Seltsam war: Ich hatte das Buch Hara von Karlfried Graf Dürckheim kaufen wollen, was mir nicht gelang. Hara war in meinem Kopf, ich setzte mich an die Sonne, schlug das erste ausgeliehene Buch auf – und da ging es um einen gewissen Hara, einen Japaner, der van der Post und seinen Freund John Lawrence in der Kriegsgefangenschaft gequält hatte.

»Er [Lawrence] hatte, als er in Japan war, immer das Gefühl gehabt, dass die Japaner ein Volk waren, das in einem tiefen, umgekehrten Sinn oder, wenn ich das lieber hätte, perversen Sinn eher in den Tod verliebt waren als ins Leben. Als Nation verklärten sie den Tod wie kein anderes Volk. … Es war, als ob das Individuum zu Beginn, gleich bei der Geburt, seine eigene Individualität ablehnte.«

Ihre Nabelschnur zur Vergangenheit sei nicht durchtrennt worden. Noch seien sie gebunden an die mythische Mutter, die große Sonnengöttin Ama-terasu. Sogar darin waren sie typisch pervers, umgedreht, denn für die meisten Rassen der Vergangenheit war die Sonne eine leuchtende maskuline Gottheit – für sie eine dunkel glitzernde Mutter. Der Mond jedoch, so geliebt und feminin für den Rest der Menschheit, war männlich für sie. Daher vielleicht die Liebe zum Tod? Hara drehte im Gefangenencamp durch, wenn der Mond voll am Himmel stand.

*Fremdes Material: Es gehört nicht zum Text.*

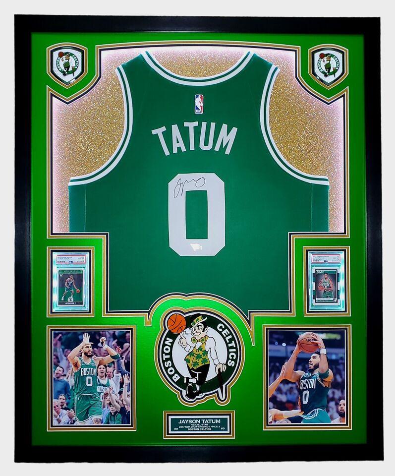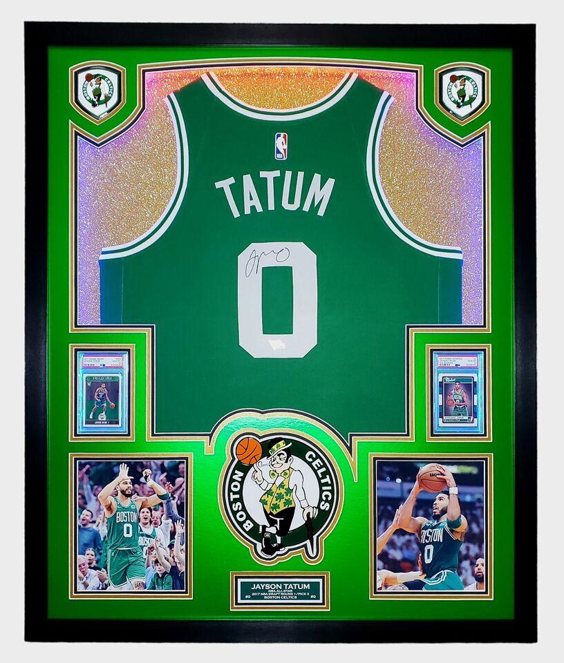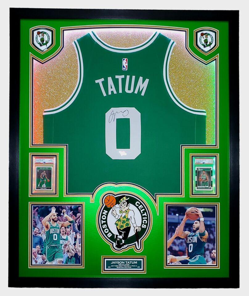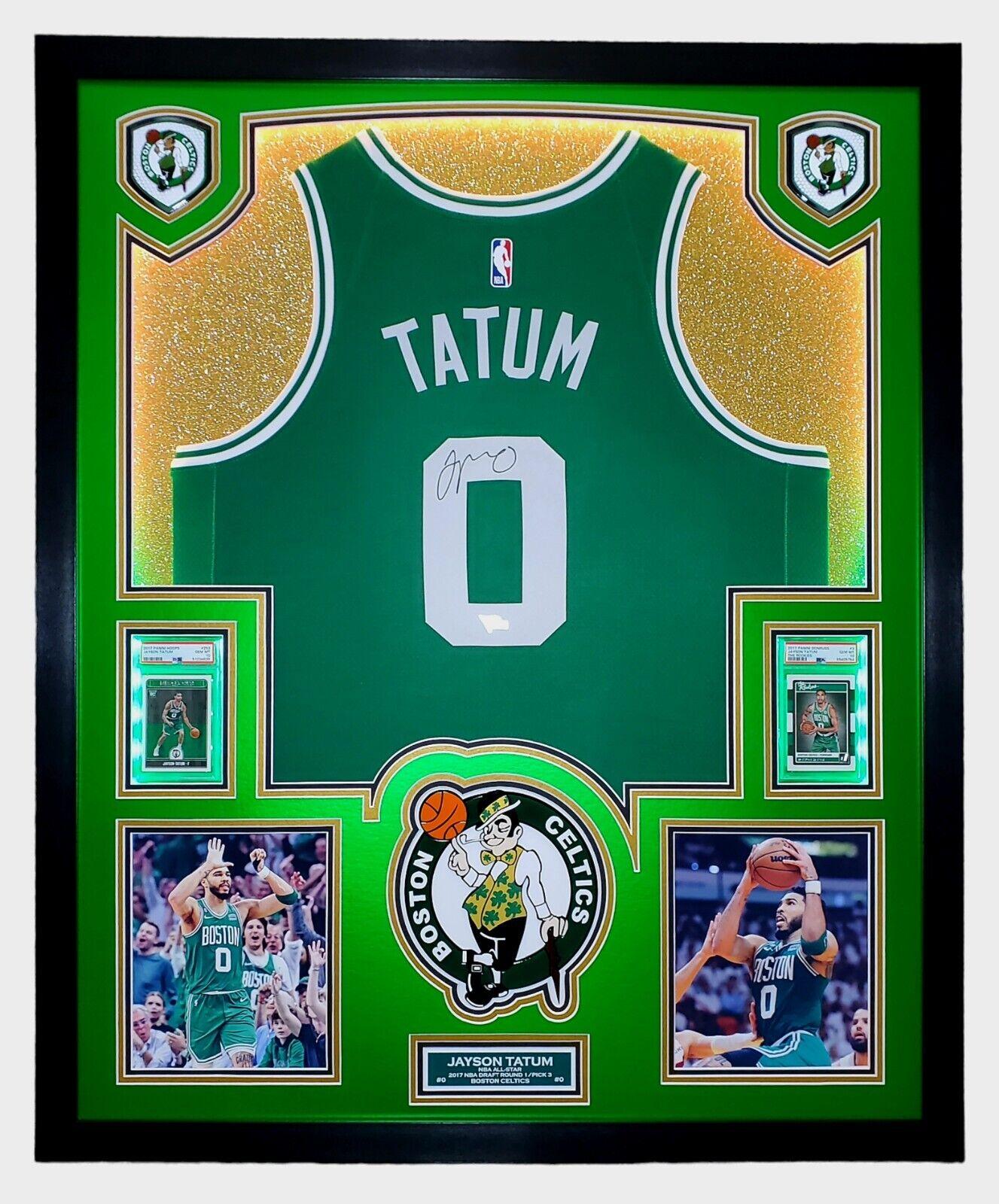 Jayson Tatum Signed Celtics Custom Framed Nike Jersey with LED Display & (2) PSA 10 Graded Rookie Cards (Fanatics)

Dazu sei bemerkt, dass auch wir Deutschen zur Ausnahme gehören: Sonne weiblich, Mond männlich. Und Deutschland und Japan waren im Zweiten Weltkrieg verbündet, und die Deutschen mit ihrer Innerlichkeit neigten auch, wie der Krieg zeigte, zu Raserei und Selbstzerstörung. Auch die Nazis feierten den Tod, ihre Totenehrungen gehörten zu beliebten Festivitäten.

Lawrence sagte, wenn sein Freund je das japanische Totenfest so oft wie er besucht hätte, dann wäre er nicht überrascht, von ihm das Wort Liebe in Verbindung damit zu hören. Denn dieses Fest sei das fröhlichste aller japanischen Feiern gewesen. Die Toten waren glückliche, lustige, zufriedene und gutmeinende Geister. Warum? Vielleicht, weil die Lebenden, wie man dachte, das Sterben dem Leben vorzogen. Sie fanden es edler, für ihr Land zu sterben, als für es zu leben. Nicht das Leben, sondern der Tod galt ihnen romantisch, und das galt auch für Hara.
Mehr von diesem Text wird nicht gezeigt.